In hindsight I’m glad I was alone. I’m not much of a crier typically. I remember driving to a Starbucks parking lot and completely breaking down. Those hysterical sobs that make the people who pull up in the car next to you awkwardly look away and pretend not to see you so as not to make eye contact. Yeah, that was me. The ugly crier. It’s not news anyone ever wants to hear. I threw the pamphlets away in the first trashcan I saw. I pulled myself together and called my DH (dear husband – again with the acronyms that become second language). Then I called my sister and had a completely different conversation. This is when the cussing and yelling happened.
I told you before how important laughter is to me, right? So without thinking, I went to the closest movie theater and found the funniest movie that was out at the time. I ordered a huge bucket of butter-soaked popcorn, a giant diet coke (diet obviously because I that makes it better), and I laughed obnoxiously loud through the whole movie with about 3 other people in the theater. I will never forget that day.
For me, the only answer to coping with the news was to find my laughter. I couldn’t let this horrible diagnosis take me down with it. So I found a way to laugh. I laughed so hard that day my stomach hurt. The movie was The Hangover by the way, so you can appreciate my laughter. For you, it may not be about laughing. It may be about crying, or singing, or writing, or talking. Whatever it is, it’s important to find a coping mechanism so the news doesn’t define you. I-D Day is only the beginning. And life is about to get very interesting after that day.
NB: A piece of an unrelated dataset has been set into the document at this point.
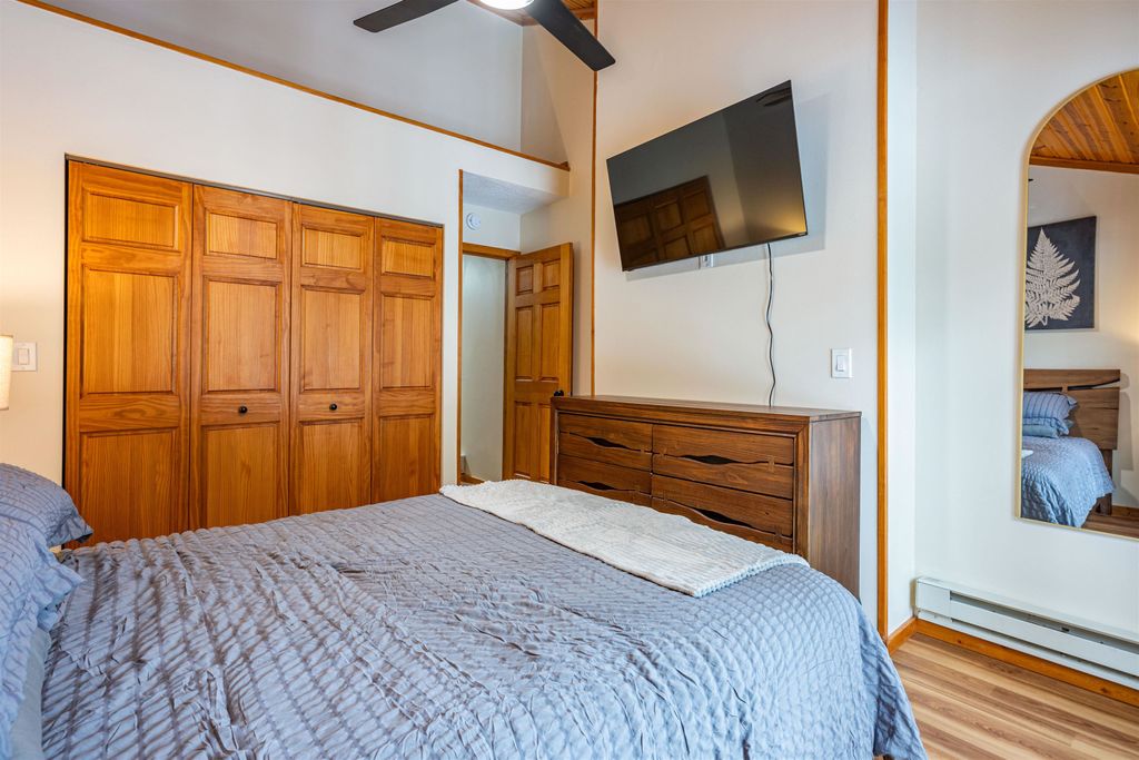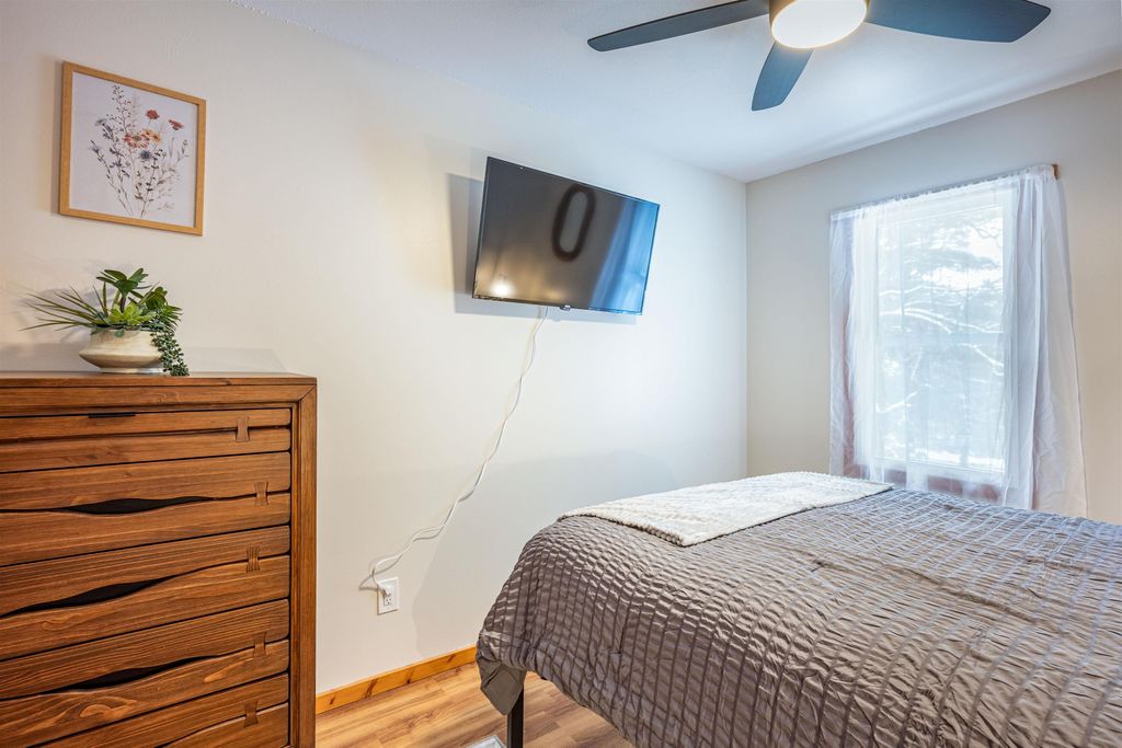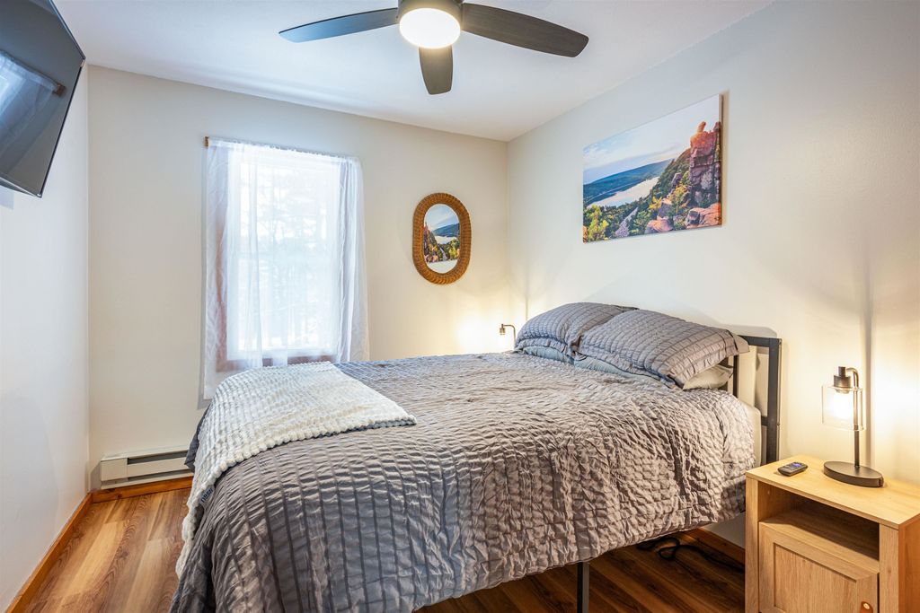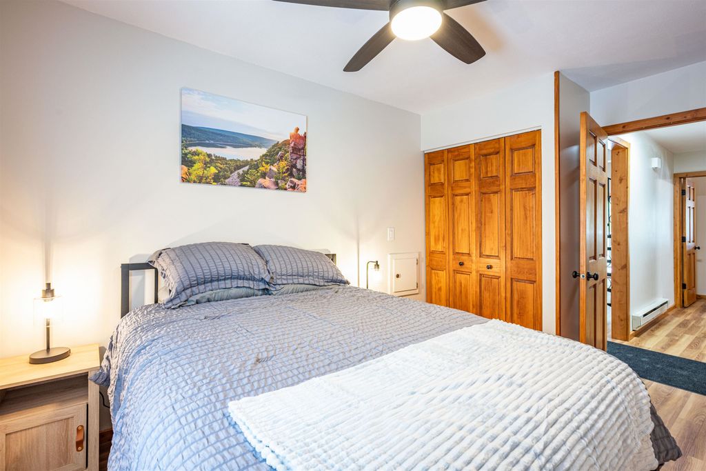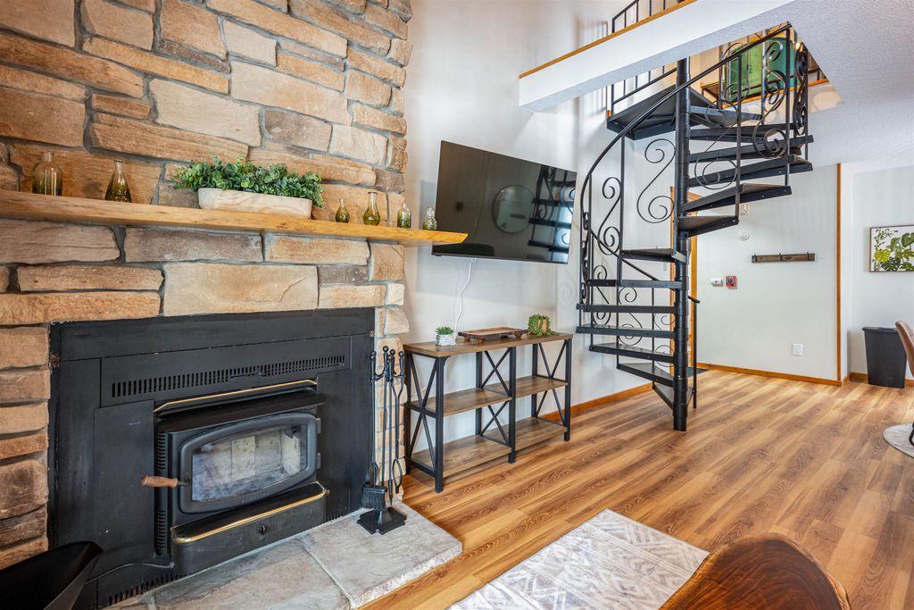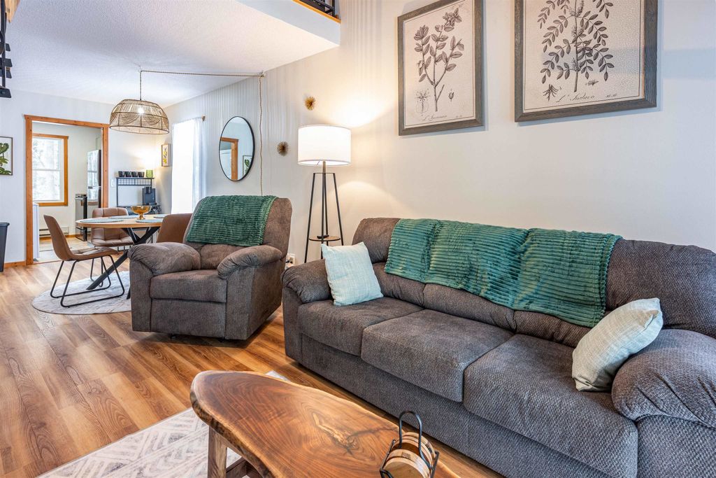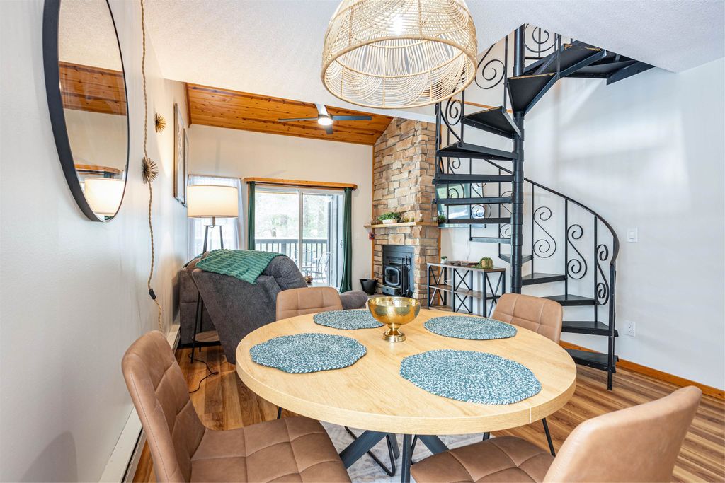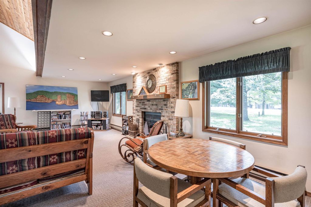 This turnkey, fully furnished, recently renovated end-unit condo at the Dells Club is move-in ready for you and your guests. This rare three-bedroom, one-bath condo is located just outside Wisconsin Dells, offering peaceful surroundings away from the hustle and bustle. Updates include a stunning floor-to-ceiling stone fireplace, luxury vinyl flooring, energy-efficient windows and patio doors, new light fixtures and ceiling fans, beautiful pine tongue-and-groove ceilings, solid six-panel doors, and a private balcony overlooking the outdoor pool. The kitchen is fully stocked. Enjoy fantastic amenities including river access, tennis and pickleball courts, outdoor pool, fitness area, clubhouse for gatherings, community garden, and more. Schedule your showing today!

Our story gave us the ending we were looking for. 6 failed IUIs, 1 failed IVF, 1 miscarriage, 1 FET, and we finally got our miracle twins. 4 years later surprise! Baby #3 beat those <5% odds. That is our story, but it’s not everyone’s...and that’s ok.
Let me be very clear when I say this: whether you become a mother through natural pregnancy, medically assisted pregnancy, sperm/egg donation, surrogacy, adoption, or fostering… a mom is a mom is a mom. Whether you struggle for years, experience the pain of multiple miscarriages, get pregnant naturally unexpectedly, fall victim to secondary infertility, or decide your fur-babies are going to complete your family… a mom is a mom is a mom. There is no superior option, better choice, or right decision for everyone. Whatever works for you, works for you. And never forget that. You are just as much a mom as every other mom you meet. And you’re a da*n good one. Period.
Meet my boys. Now 7, 7 and 3. I will never, ever for one second take them for granted or forget what we went through to bring them onto this earth.